Lines below that include "featuring" are the answer; copy each one.
Source information section start
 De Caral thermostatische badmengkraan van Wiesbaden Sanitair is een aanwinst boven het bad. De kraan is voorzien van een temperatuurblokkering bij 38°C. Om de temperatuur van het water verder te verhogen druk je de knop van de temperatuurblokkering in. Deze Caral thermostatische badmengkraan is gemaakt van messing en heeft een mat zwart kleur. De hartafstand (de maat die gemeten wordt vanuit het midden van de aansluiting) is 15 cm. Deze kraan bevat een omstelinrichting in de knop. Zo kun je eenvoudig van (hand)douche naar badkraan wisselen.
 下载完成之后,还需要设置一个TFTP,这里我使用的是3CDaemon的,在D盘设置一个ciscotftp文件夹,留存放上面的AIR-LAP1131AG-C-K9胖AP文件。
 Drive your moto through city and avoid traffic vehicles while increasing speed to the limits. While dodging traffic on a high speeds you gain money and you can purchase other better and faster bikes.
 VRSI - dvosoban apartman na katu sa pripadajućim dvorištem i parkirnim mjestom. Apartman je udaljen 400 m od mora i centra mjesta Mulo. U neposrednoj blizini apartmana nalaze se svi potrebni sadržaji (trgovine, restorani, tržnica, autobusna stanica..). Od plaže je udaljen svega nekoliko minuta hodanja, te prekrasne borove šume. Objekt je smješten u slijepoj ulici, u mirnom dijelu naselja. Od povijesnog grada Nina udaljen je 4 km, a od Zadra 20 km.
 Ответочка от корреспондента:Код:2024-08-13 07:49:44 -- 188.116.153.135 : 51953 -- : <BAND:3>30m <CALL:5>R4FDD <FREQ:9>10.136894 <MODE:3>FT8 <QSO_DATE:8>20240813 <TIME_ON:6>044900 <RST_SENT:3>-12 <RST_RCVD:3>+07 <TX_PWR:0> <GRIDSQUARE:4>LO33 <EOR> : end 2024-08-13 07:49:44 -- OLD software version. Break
Source information section end
Source information section start
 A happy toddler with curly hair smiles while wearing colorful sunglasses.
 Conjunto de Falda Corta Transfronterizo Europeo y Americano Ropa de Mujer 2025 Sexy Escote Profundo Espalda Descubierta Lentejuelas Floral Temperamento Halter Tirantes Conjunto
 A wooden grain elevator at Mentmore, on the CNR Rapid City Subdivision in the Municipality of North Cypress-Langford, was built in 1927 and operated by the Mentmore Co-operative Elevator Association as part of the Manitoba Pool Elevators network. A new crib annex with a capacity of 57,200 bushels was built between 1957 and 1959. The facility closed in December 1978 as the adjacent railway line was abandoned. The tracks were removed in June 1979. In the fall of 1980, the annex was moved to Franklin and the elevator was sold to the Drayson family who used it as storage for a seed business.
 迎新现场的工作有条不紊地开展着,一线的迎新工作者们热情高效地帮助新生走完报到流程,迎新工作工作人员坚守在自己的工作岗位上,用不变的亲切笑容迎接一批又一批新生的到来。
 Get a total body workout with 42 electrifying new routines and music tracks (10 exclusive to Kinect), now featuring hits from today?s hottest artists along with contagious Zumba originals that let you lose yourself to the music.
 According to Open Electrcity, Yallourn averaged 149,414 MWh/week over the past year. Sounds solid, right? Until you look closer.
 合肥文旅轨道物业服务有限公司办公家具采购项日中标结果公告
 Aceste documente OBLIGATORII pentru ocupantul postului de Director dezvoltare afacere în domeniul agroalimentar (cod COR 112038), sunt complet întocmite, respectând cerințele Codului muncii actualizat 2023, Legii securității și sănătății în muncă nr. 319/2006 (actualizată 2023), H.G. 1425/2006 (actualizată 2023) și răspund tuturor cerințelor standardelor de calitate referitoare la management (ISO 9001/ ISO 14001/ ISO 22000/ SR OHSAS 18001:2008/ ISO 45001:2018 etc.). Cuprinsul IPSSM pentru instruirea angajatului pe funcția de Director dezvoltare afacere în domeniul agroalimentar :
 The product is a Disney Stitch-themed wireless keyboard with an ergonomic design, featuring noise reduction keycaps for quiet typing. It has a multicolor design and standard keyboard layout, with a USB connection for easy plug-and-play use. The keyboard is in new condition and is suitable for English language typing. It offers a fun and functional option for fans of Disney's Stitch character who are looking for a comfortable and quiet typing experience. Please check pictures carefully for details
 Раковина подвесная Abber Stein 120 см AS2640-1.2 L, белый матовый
Source information section end
→ Response to this exercise:
 Get a total body workout with 42 electrifying new routines and music tracks (10 exclusive to Kinect), now featuring hits from today?s hottest artists along with contagious Zumba originals that let you lose yourself to the music.
 The product is a Disney Stitch-themed wireless keyboard with an ergonomic design, featuring noise reduction keycaps for quiet typing. It has a multicolor design and standard keyboard layout, with a USB connection for easy plug-and-play use. The keyboard is in new condition and is suitable for English language typing. It offers a fun and functional option for fans of Disney's Stitch character who are looking for a comfortable and quiet typing experience. Please check pictures carefully for details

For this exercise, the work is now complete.